Los principales bancos japoneses, liderados por el grupo financiero Mizuho, ultiman la creación de su propia moneda electrónica, J Coin, con la que buscan frenar la dependencia del efectivo en Japón, la más alta entre los países desarrollados.

La nueva moneda será convertible a yenes y se usará en un sistema gratuito para la realización de pagos y transferencias a través de teléfonos móviles, según explicó a Efe una portavoz de Mizuho.

Para no depender del efectivo

El objetivo principal de la J Coin es frenar la dependencia del dinero en efectivo en Japón, país donde el 70% de las transacciones se realizan de esta forma, el porcentaje más elevado entre los países desarrollados, donde la media se ha reducido hasta cerca del 30%.

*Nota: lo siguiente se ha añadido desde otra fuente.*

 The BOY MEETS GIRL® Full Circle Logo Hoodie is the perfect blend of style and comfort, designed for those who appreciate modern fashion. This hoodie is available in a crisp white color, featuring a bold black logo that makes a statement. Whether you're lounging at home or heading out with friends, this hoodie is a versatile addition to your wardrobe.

"Japón es un país muy especial (en este sentido) y necesitamos reducir la dependencia que existe del dinero en efectivo", dijo la portavoz de Mizuho, que considera que el lanzamiento de la J Coin tendría efectos positivos sobre la economía nipona, al reducir los costes de gestión del efectivo y las tarifas por liquidación.

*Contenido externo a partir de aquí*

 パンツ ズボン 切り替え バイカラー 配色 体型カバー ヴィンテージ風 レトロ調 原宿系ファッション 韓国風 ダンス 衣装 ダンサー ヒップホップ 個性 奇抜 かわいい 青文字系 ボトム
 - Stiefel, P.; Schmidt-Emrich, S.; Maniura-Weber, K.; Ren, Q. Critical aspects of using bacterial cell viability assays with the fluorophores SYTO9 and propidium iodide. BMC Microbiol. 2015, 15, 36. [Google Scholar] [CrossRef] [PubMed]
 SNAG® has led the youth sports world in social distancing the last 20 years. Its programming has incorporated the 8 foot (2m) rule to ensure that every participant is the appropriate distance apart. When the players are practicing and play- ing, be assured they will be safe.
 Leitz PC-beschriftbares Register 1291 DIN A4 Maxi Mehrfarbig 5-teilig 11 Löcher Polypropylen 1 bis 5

Los pagos con J Coin estarían libres de tarifas tanto en el pago como en las transferencias nacionales, mientras que el coste del envío de dinero a nivel internacional sería menor.

Estímulos para usar J Coin

Los bancos y empresas que usen la moneda electrónica recibirán a cambio información de los patrones de compra de los usuarios, datos valiosos para la elaboración de sus futuras estrategias, informó el diario económico Nikkei.

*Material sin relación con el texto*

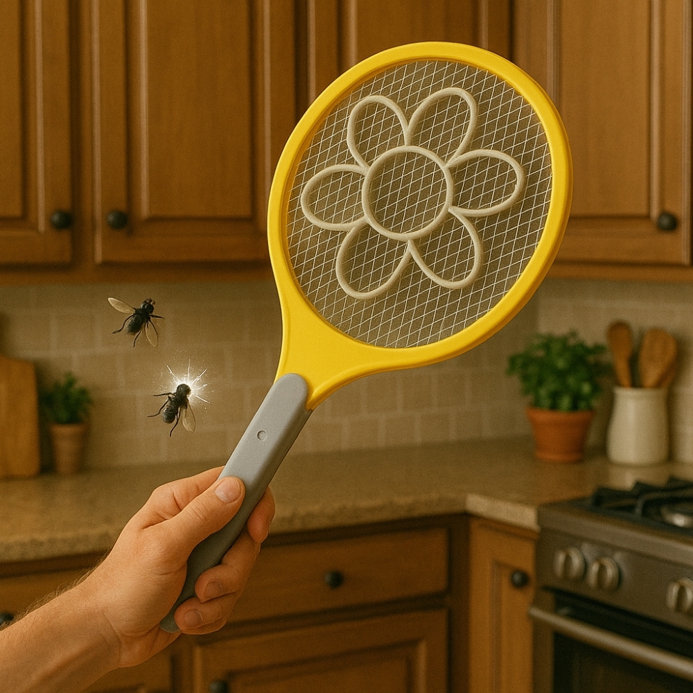 Parfait pour l’été, cette raquette anti-moustique électrique à piles format XL vous protège efficacement contre les insectes volants lors de vos soirées et activités en plein air. Protégez-vous efficacement des insectes volants avec cette raquette anti-moustique électrique à piles, au format XL de 48 cm. Grâce à sa grille haute tension, elle neutralise instantanément moustiques, mouches et autres nuisibles au simple contact, sans utilisation de produits chimiques nocifs. Sa taille généreuse permet une plus grande surface de frappe pour éliminer rapidement les insectes. Facile à utiliser, cette raquette fonctionne à piles, ce qui la rend pratique à emporter partout, aussi bien à l’intérieur qu’à l’extérieur. Son design ergonomique assure une bonne prise en main pour une utilisation confortable et efficace. Idéale pour les soirées d’été, les camping ou toute activité en plein air, cette raquette est un outil indispensable pour garder votre environnement sain et sans insectes. Simple, rapide et écologique, elle offre une solution moderne et sûre pour vous protéger des moustiques et autres insectes volants. -Format XL de 48 cm pour une efficacité maximale : Avec sa grande taille, cette raquette offre une surface de frappe étendue, permettant de capturer et éliminer rapidement un plus grand nombre d’insectes volants en un seul geste. Idéale pour les espaces intérieurs comme extérieurs. -Grille haute tension ultra-performante : La technologie de grille électrifiée génère une décharge électrique puissante qui neutralise instantanément moustiques, mouches, moucherons et autres insectes volants nuisibles, garantissant une solution rapide et sans produits chimiques. -Alimentation pratique par piles (non fournies) : Cette raquette fonctionne grâce à des piles, ce qui la rend totalement portable, autonome et simple à utiliser partout — en camping, jardin, terrasse, ou même en intérieur sans dépendance à une prise électrique. -Design ergonomique et robuste : Sa poignée antidérapante assure une prise en main confortable et sécurisée, permettant une utilisation prolongée sans fatigue. Le cadre solide et léger assure une bonne maniabilité et une grande durabilité dans le temps. -Système de sécurité double grille : Pour protéger l’utilisateur, la raquette est équipée d’une grille extérieure de protection empêchant tout contact accidentel avec la grille électrifiée interne, offrant ainsi une utilisation sécurisée, même en présence d’enfants. CARACTÉRISTIQUES: Raquette anti-moustique électrique à piles, format XL de 48 cm, équipée d’une grille haute tension pour éliminer efficacement les insectes volants. Pratique et facile à utiliser, elle offre une protection rapide sans produits chimiques. -Type de produit : Raquette anti-moustique électrique -Alimentation : Fonctionne avec piles (non fournies) -Dimensions : Environ 48 cm de long -Coloris: Aléatoire (Vert ou Jaune) -Matériau : Plastique résistant et léger -Efficacité : Élimination rapide des moustiques, mouches, guêpes et autres insectes volants -Poids : 210g

La creación de un servicio de pago electrónico genuinamente nipón serviría, además, para competir con los de grandes compañías como Apple o la china Alibaba, y evitaría que la información de los consumidores japoneses fuera a parar al extranjero, añadió el diario.

Mizuho y otros grupos financieros han mantenido ya una reunión junto al regulador financiero de Japón para estudiar la viabilidad del proyecto, cuya meta es que se aplique a nivel nacional y con la mayor participación posible de bancos y compañías del país asiático.

Mizuho se amparó en la confidencialidad del encuentro para no desvelar el número de participantes, las conclusiones alcanzadas o cuándo estaría disponible, al encontrarse en un "estadio temprano".

Según informaciones recogidas por el diario Nikkei, entre los interesados actualmente en el proyecto se encontrarían el banco Japan Post y unas 70 entidades financieras regionales, y la meta sería tener listo el marco legal de la moneda para 2020.